Part of the [OxiCUDA](https://github.com/cool-japan/oxicuda) project.
## Overview
`oxicuda-dnn` delivers the core building blocks for training and inference of
deep neural networks on NVIDIA GPUs, implemented entirely in Rust with no
C/Fortran dependencies.
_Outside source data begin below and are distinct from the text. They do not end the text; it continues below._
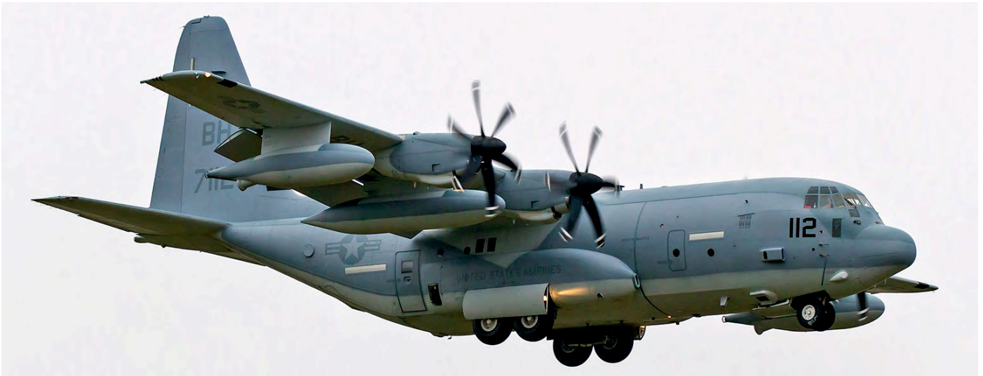
KC-130J 167112 is operated by VMGR-252 at MCAS Cherry Point, and is one of in total 51 KC-130Js operated by the USMC. (Ramstein, 14 January 2018, Dino van Doorn)

F-35A-31 15-5118/OT 31st TES ex OT/422nd TES AF-109 jan18 15-5135/LF 63rd FS AF-126 jan18 15-5136/HL 4th FW AF-127 jan18
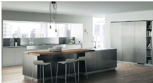
A trendy colour is used in this kitchen design: stained-look lacquered doors in Stained Steel for the island and cabinets, Light Grey matte lacquered doors for the work area and open-fronted tall units, stainless steel for work-tops.

"It's worth investing in because having nice-looking cabinetry is very important," Daniela Lamorte said. "The cabinets physically take up the most space in kitchens; it's very prominent, so it is usually the first thing buyers notice."
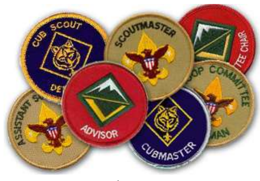
Turkey Camp 2020 Leaders Guide Page 15
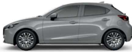
Aero Grey Metallic (52C)
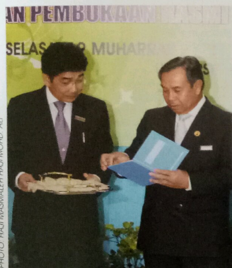
Book on Energy Management Guide launched.

TUNGKU, January 5 – For a better management of energy usage, government agencies are urged to follow the Energy Management Guide book besides taking quick responsible actions in the bid to become a role model to the private sector and members of the public.
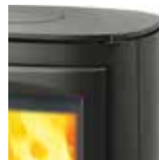
Elegant rounded corners
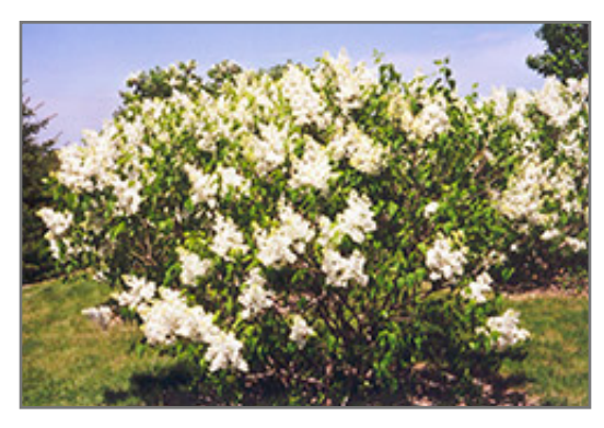
Mount Baker Lilac in bloom
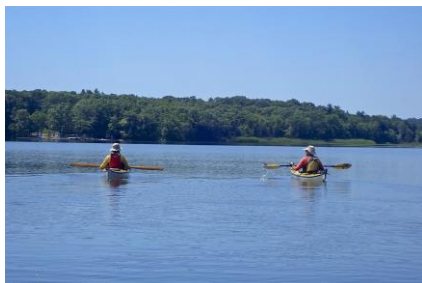
The Upper Pond

The Narrow River gets its name from either the long narrow section between Bridgetown Road and Middlebridge Road, or the narrow channel at the mouth of the river where it empties into Narragansett Bay. Both are referred to as the “Narrows”, so take your pick.
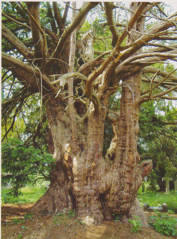
Ashford Carbonell, Shropshire

The web site www.ancient-yew.org is constantly reviewed and updated. 454 new images have been added as well as information on 127 new sites. The gazetteer has been modified to allow an increase in the number of images that can be shown, enabling us to incorporate archive material.
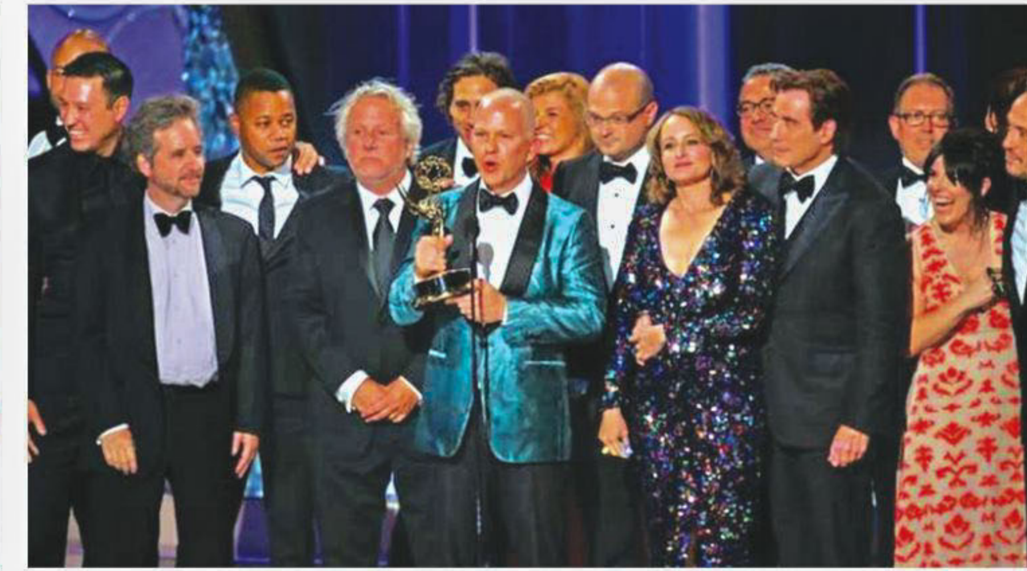
The cast and crew of "Game of Thrones" (top); Julia Louis-Dreyfus with her sixth consecutive best actress award (left) and the "People v. OJ Simpson" cast celebrate.
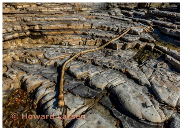
Earth detail Howard Larsen

Equipment: Nikon D810, 24-70 zoom at 24mm, 1/200 sec, f22, ISO 640
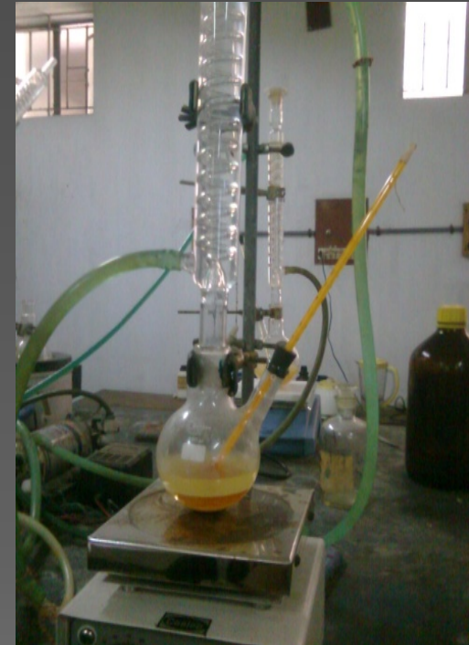
Fig. 1 Experimental setup for the biodiesel production using three-step acid catalyzed method .
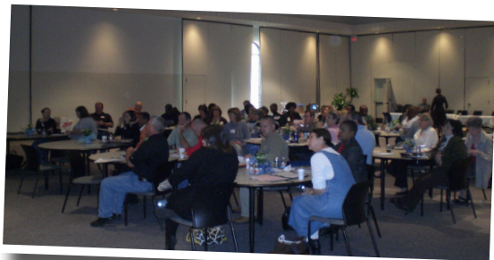
Attendees at the inaugural Informed Choices = Injury Prevention conference held in November 2008.

Medical students receive injury prevention education throughout their UAMS training. First- and second-year medical students receive injury prevention lectures to understand the scope of the problem and what they can do to prevent injuries. In their junior year the students learn more in-depth anticipatory guidance on child passenger safety, recreational safety, and home safety. The students learn how to effectively complete a well child check-up visit incorporating injury prevention.
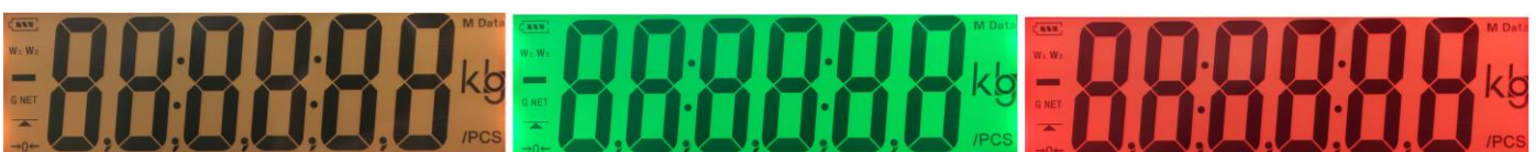
Adjustable Tri-Color Check Result Backlight

19i always deliver more than it is expected and the #1 choice whenever & wherever performance, reliability, durability and flexibility are of no compromise.
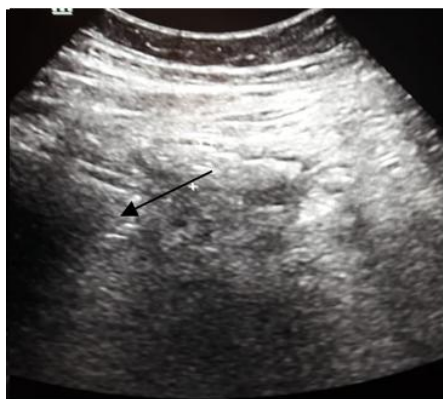
Fig-2: Tumbled appendix at 13 mm with infiltration

She also finds an interest in the demonstration of adnexal or obstetric pathology [7]. It is the 1st choice examination, confirms the diagnosis with a sensitivity of 96 to 100% and a specificity of 92% to 96% [5, 19], this examination remains dependent operator and can be embarrassed in the last two months of pregnancy by uterine repression on the appendix, which would explain the 4 cases of appendicitis not seen in our series (Table-1) [22]. Coeliagnosis has been performed in our series 4 times (Table-2); in cases where the diagnosis was doubtful and the ultrasonography was not fruitful, from where its interest in the positive and differential diagnosis and thus making it possible to avoid white laparotomy [2, 27]. An abdominal CT showing appendicitis peritonitis was performed in one patient after delivery at her 33 WA (Table-1); some authors
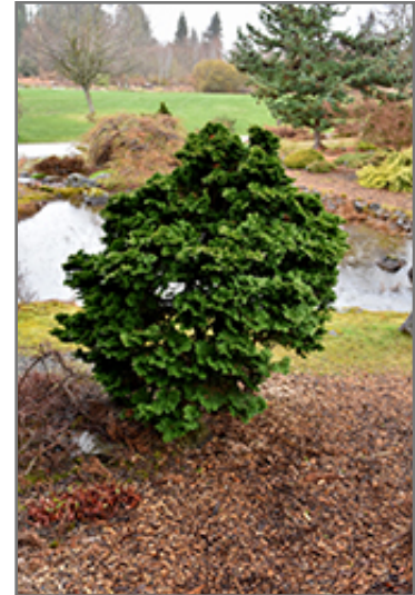
Dwarf Hinoki Falsecypress

Dwarf Hinoki Falsecypress will grow to be about 4 feet tall at maturity, with a spread of 4 feet. It tends to fill out right to the ground and therefore doesn't necessarily require facer plants in front. It grows at a medium rate, and under ideal conditions can be expected to live for 40 years or more.
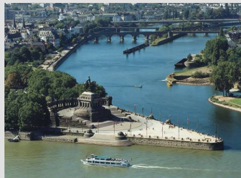
Confluence of Moselle and Rhine

Transfer to Bendorf – 8 miles (by car or coach)
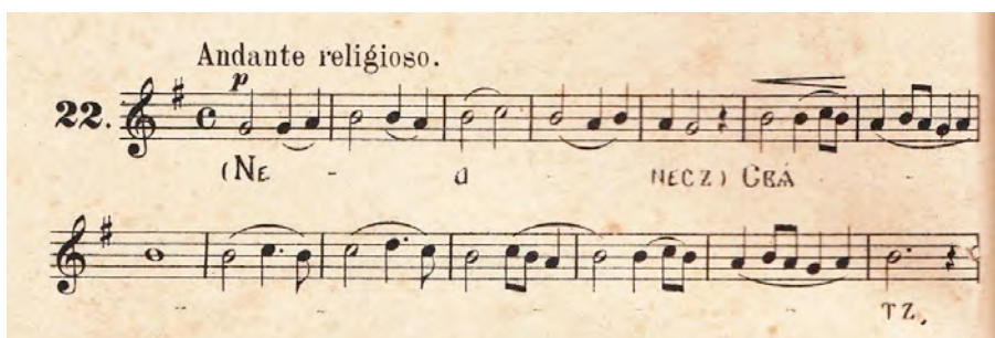
Musical example 5. Neanes - Holy, Holy, Holy , from the Eucharistic Prayer (a part), Gavriilo Boljarić, Nikola Tajšanović, Serbian Orthodox Chant According to the Old Karlovci Usage , Book 4, Sarajevo 1889, p. 48 (Institute of Musicology, SASA).

Numerous Serbian collections may be distinguished by a special feature of Greek tradition: that is the use of the intonation formula ( neanes ) at the beginning of the hymn Holy from the Eucharistic Prayer (ex. 5) and the communion hymn On the Mountain of Sinai .
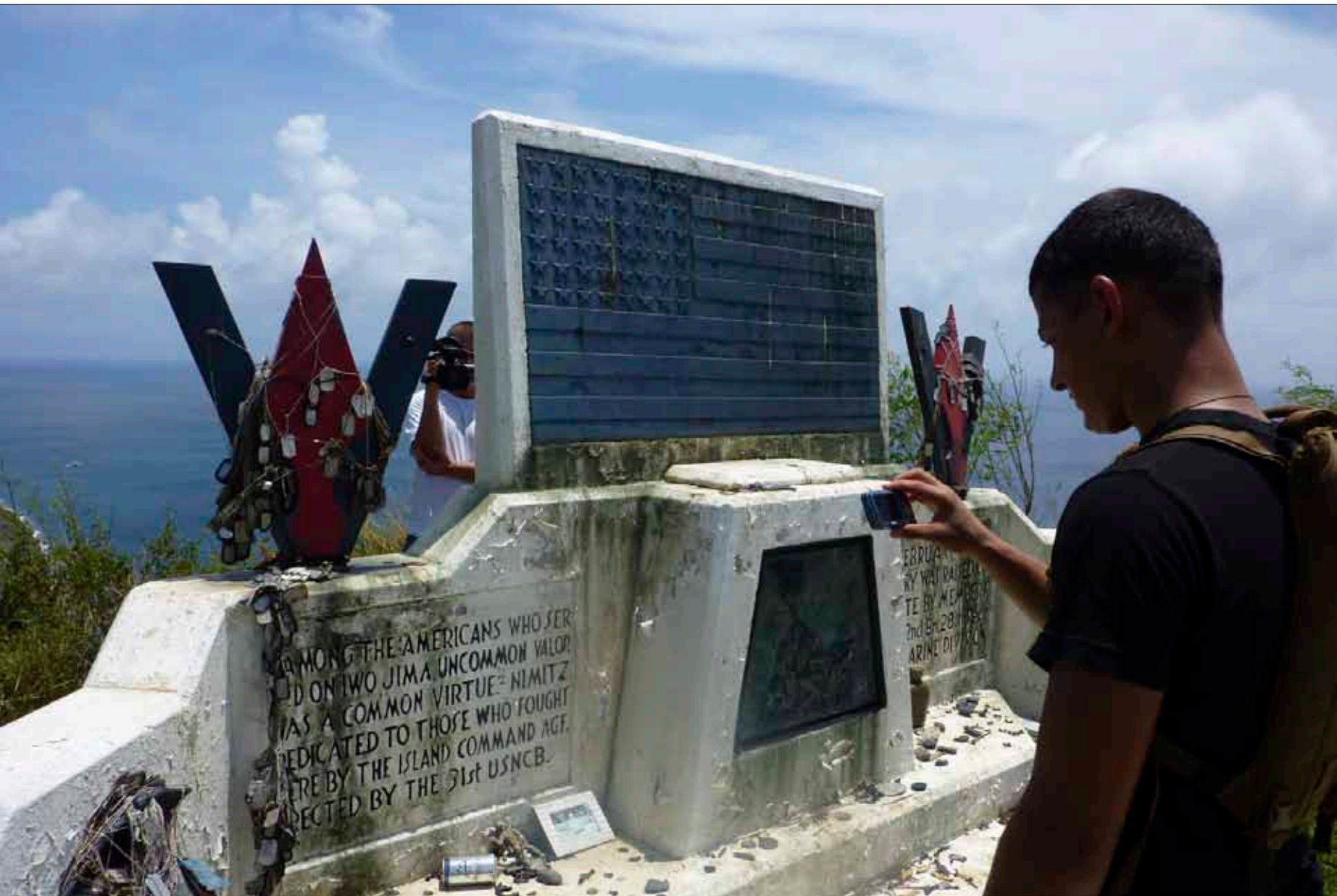
An Iwakuni-based Marine photographs a memorial constructed on Iwo To, formerly known as Iwo Jima, Aug 13 during their island hop trip. Iwakuni Marines embarked on an 11-day expedition Aug. 3 to various locations across the Pacific to commemorate the Marine Corps 67th anniversary of World War II's Guadalcanal Campaign.
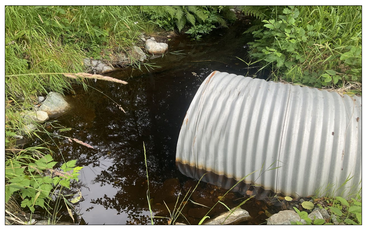
Figure 2. Culvert inlet at waypoint 438.
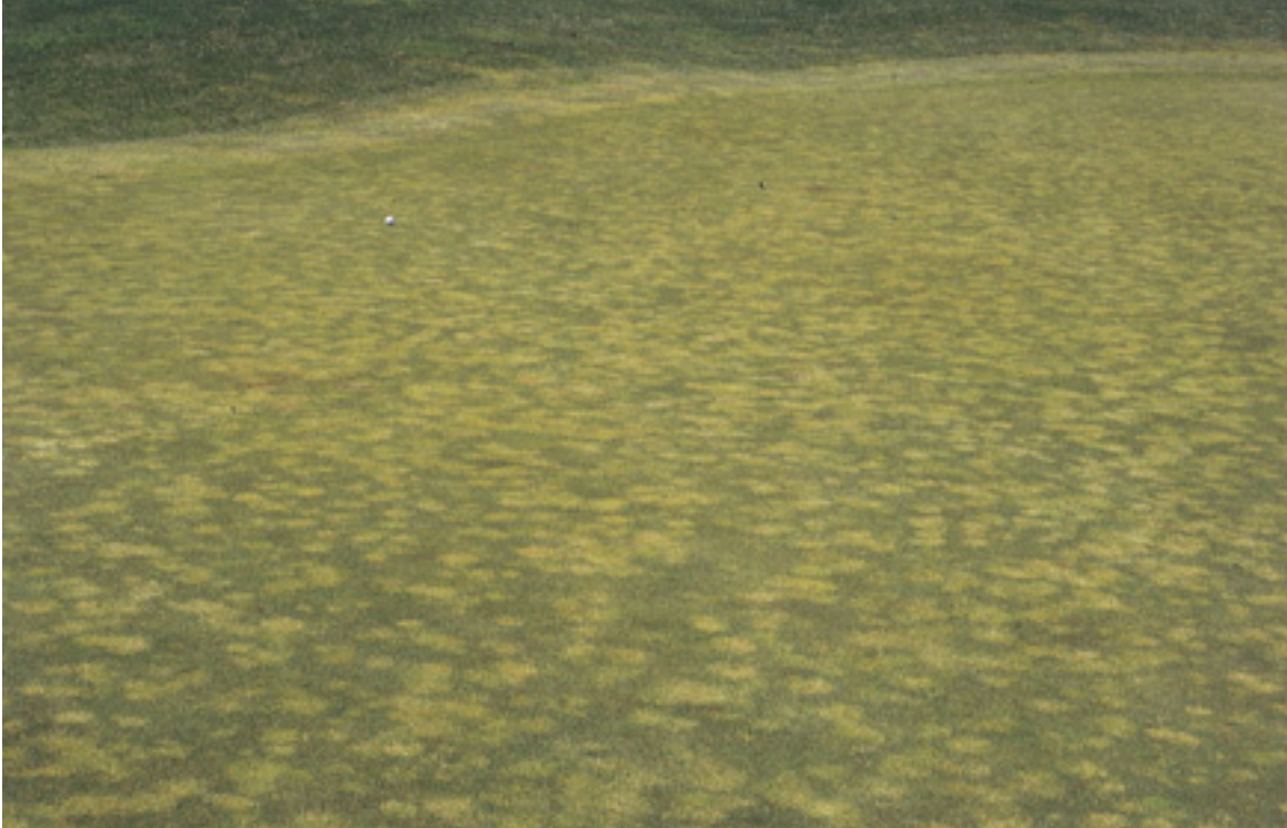
Annual bluegrass first colonizes a putting green as individual plants that can be nearly invisible. The plants expand into small patches that can become very obvious and unattractive, and they can disrupt surface smoothness.

mer months. The vast majority of greens in the Northeast Region are two-grass systems.
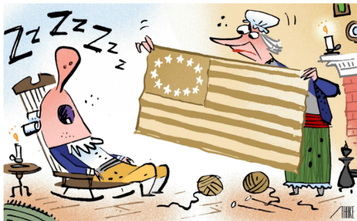
The Goodhue-Bland Resolution to make the new flag colors ecru and taupe. (Bob Staake /For The Washington Post)

By Pat Myers , Style Invitational editor July 3, 2013
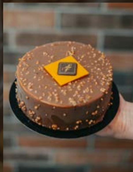
Chocolate Caramel Cake (serves 6-8)
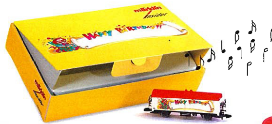
86002 Birthday Car (Z).
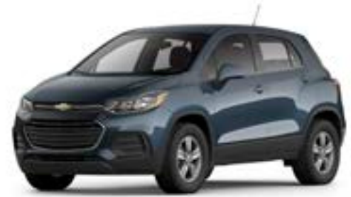
Shadow Gray Metallic
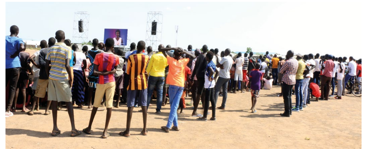
A group of refugees gather in Kakuma for a TEDx talk, June 2018.

NRC’s survey confirms that Kakuma’s refugees experience high unemployment and limited work and business opportunities. Two thirds of respondents said that they relied on humanitarian assistance as a primary form of support, and only 19 per cent indicated that they earned money through employment (self-employment, casual labour, or otherwise) or business. Just over half (51 per cent) of those earning money earned less than 5,000 KSH ($50 USD) a month, and a further 44 per cent earned between 5,000 and 10,000 KSH ($100 USD) a month. Seventy per cent of respondents cited the lack of opportunities in Kakuma as a barrier to
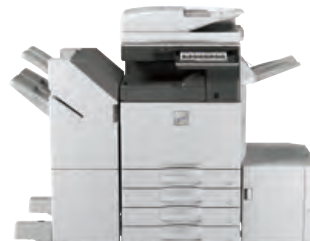
MX-M4070 shown with 3K saddle stitch finisher and large capacity cassette.
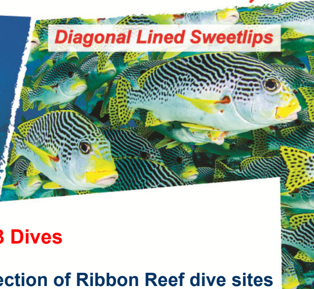
Diagonal Lined Sweetlips
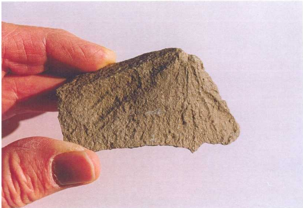
Figure 6. A spall of basalt from the hill above the Old Jetty.
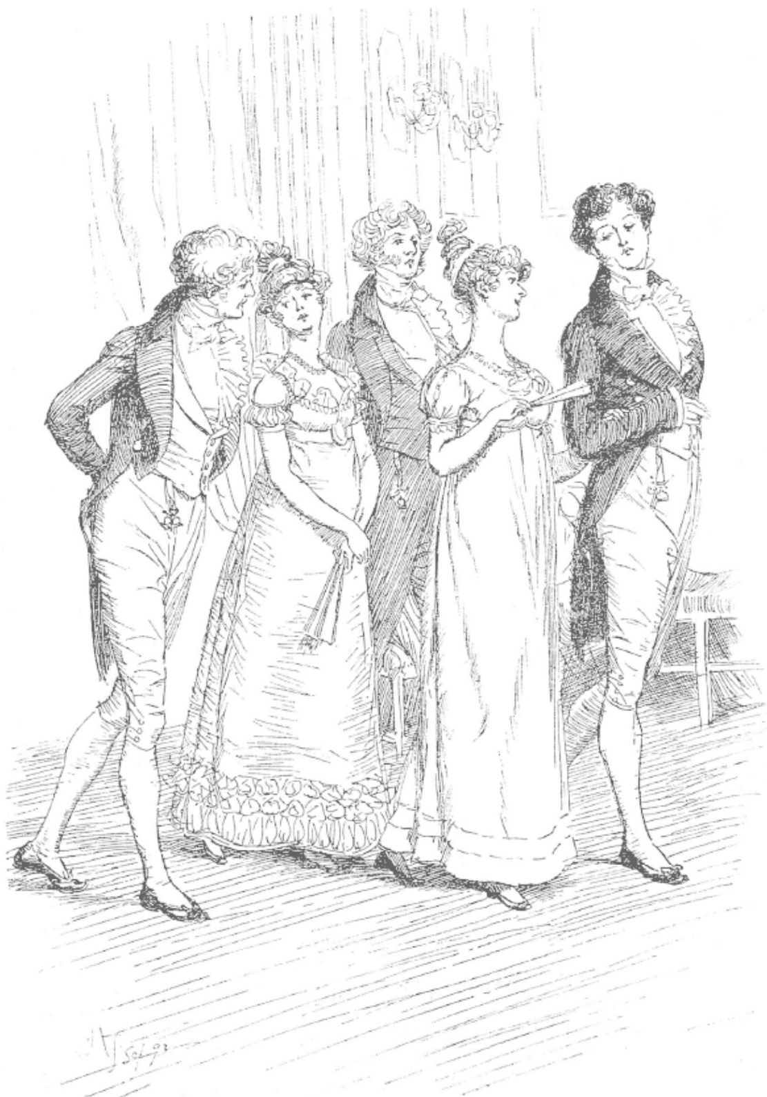
When the party entered

Mr. Bingley had soon made himself acquainted with all the principal people in the room; he was lively and unreserved, danced every dance, was angry that the ball closed so early, and talked of giving one himself at Netherfield. Such amiable qualities must speak for themselves. What a contrast between him and his friend! Mr. Darcy danced only once with Mrs. Hurst and once with Miss Bingley, declined being introduced to any other lady, and spent the rest of the evening in walking about the
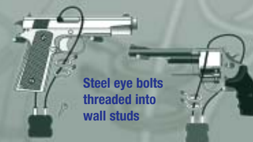
Steel eye bolts threaded into wall studs

Do not display the ammunition with the firearm. Keep it away from the firearm, in a place where it is not easy to obtain. If away from home, keep it in a securely locked container or room.
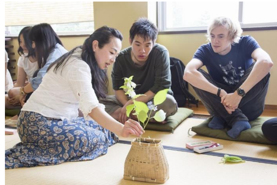
Flower arrangement (Ikebana) in Japan

www.vu.lt → Tarptautiniai ryšiai → Mainų galimybės → Dvišalės sutartys

It covers convolution (five algorithm families with
forward and backward passes), multi-head attention with FlashAttention-2, MoE
routing, normalization layers, pooling, resize, and quantization.
The crate builds on `oxicuda-blas` for GEMM-based algorithms (im2col
convolution, MoE grouped GEMM) and on `oxicuda-ptx` for runtime PTX kernel
generation. `DnnHandle` manages a CUDA stream, a BLAS sub-handle, and a PTX
cache so that compiled kernels are reused across calls.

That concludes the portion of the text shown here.